Data items:
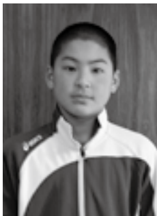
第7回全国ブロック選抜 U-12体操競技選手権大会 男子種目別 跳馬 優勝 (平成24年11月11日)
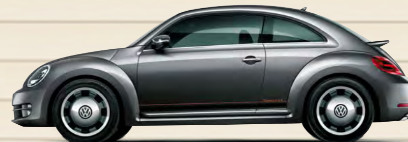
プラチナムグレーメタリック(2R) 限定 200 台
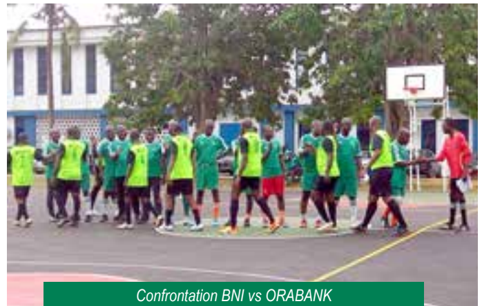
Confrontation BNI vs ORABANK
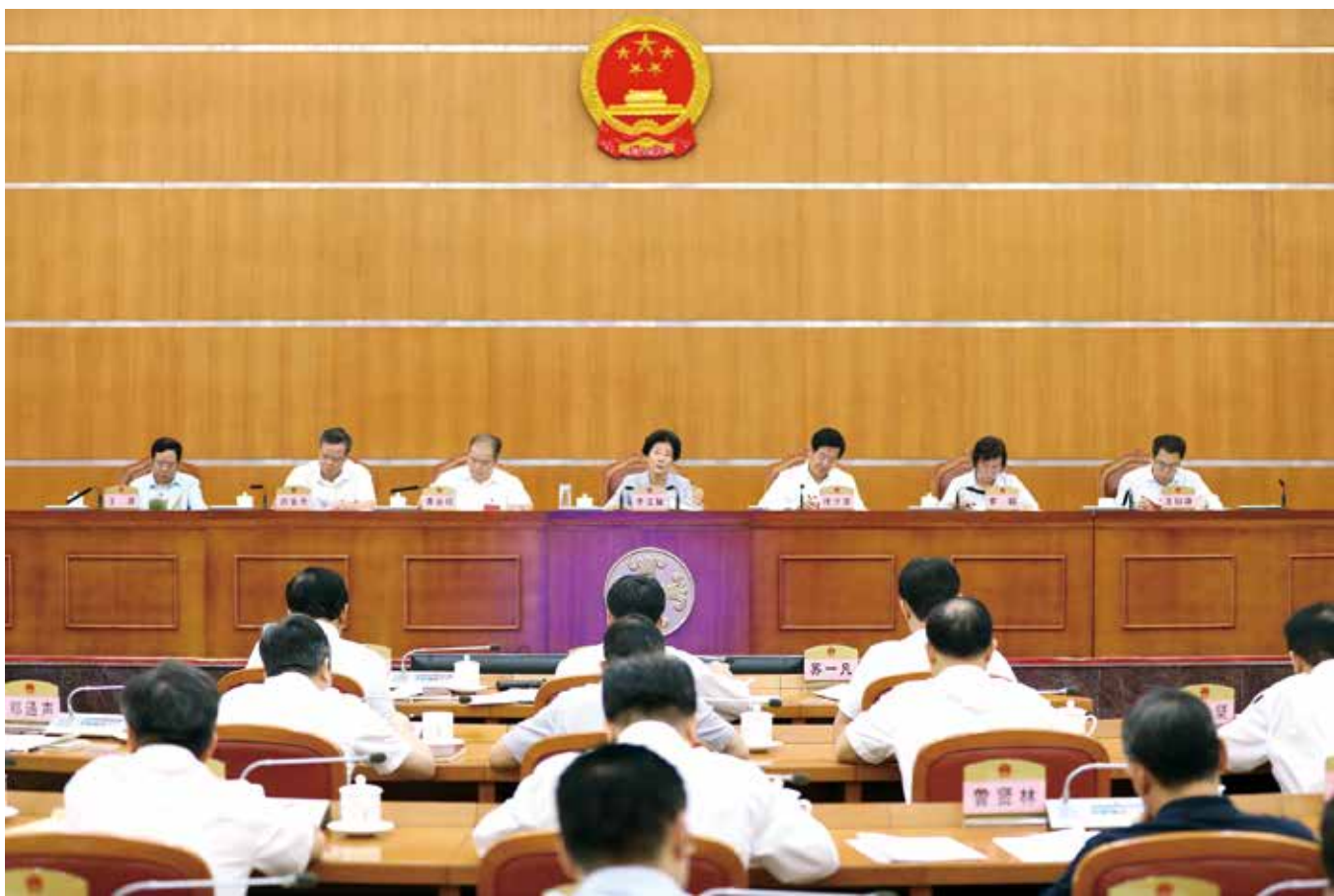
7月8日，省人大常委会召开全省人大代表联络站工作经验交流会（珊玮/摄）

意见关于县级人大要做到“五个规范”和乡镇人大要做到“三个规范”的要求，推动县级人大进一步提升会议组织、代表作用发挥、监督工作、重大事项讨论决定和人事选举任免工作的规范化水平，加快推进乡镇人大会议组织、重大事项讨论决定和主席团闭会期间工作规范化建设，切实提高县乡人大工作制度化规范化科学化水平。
...
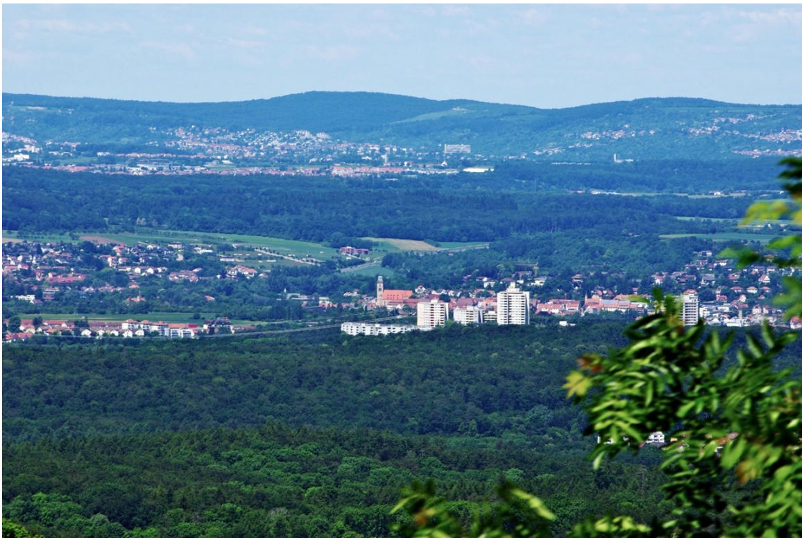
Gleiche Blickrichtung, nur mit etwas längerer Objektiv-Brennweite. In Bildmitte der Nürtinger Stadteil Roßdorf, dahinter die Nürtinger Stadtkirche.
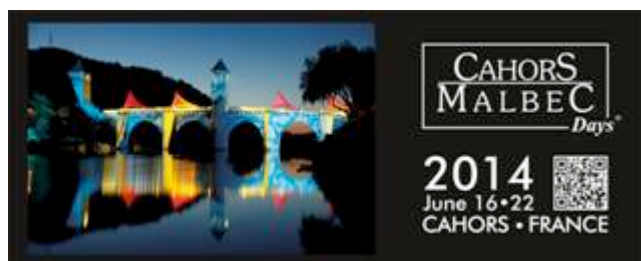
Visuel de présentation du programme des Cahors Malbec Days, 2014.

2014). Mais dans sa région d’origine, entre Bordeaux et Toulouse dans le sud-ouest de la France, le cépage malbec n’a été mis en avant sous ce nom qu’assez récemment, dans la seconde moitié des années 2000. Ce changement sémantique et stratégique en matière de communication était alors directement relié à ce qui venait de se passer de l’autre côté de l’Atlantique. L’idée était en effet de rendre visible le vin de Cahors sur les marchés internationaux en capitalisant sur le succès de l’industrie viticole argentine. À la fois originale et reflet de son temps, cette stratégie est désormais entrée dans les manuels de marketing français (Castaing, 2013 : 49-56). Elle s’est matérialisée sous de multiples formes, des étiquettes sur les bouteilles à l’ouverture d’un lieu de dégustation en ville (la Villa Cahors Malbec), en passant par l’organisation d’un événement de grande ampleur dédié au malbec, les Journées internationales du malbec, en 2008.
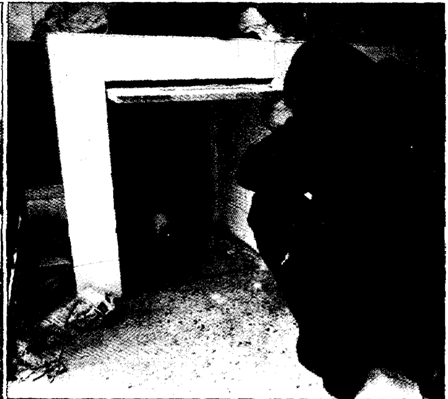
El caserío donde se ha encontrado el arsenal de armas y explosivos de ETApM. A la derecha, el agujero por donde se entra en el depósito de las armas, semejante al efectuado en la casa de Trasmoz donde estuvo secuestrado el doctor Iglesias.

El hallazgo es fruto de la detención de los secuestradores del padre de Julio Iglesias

◆ Exercise details: Copy exactly the lines of the entries above from the one containing "Gleiche Blickrichtung, nur" through the one containing "El hallazgo es". Both end lines count; pictures do not.

◆ Your response:
Gleiche Blickrichtung, nur mit etwas längerer Objektiv-Brennweite. In Bildmitte der Nürtinger Stadteil Roßdorf, dahinter die Nürtinger Stadtkirche.
Visuel de présentation du programme des Cahors Malbec Days, 2014.

2014). Mais dans sa région d’origine, entre Bordeaux et Toulouse dans le sud-ouest de la France, le cépage malbec n’a été mis en avant sous ce nom qu’assez récemment, dans la seconde moitié des années 2000. Ce changement sémantique et stratégique en matière de communication était alors directement relié à ce qui venait de se passer de l’autre côté de l’Atlantique. L’idée était en effet de rendre visible le vin de Cahors sur les marchés internationaux en capitalisant sur le succès de l’industrie viticole argentine. À la fois originale et reflet de son temps, cette stratégie est désormais entrée dans les manuels de marketing français (Castaing, 2013 : 49-56). Elle s’est matérialisée sous de multiples formes, des étiquettes sur les bouteilles à l’ouverture d’un lieu de dégustation en ville (la Villa Cahors Malbec), en passant par l’organisation d’un événement de grande ampleur dédié au malbec, les Journées internationales du malbec, en 2008.
El caserío donde se ha encontrado el arsenal de armas y explosivos de ETApM. A la derecha, el agujero por donde se entra en el depósito de las armas, semejante al efectuado en la casa de Trasmoz donde estuvo secuestrado el doctor Iglesias.

El hallazgo es fruto de la detención de los secuestradores del padre de Julio Iglesias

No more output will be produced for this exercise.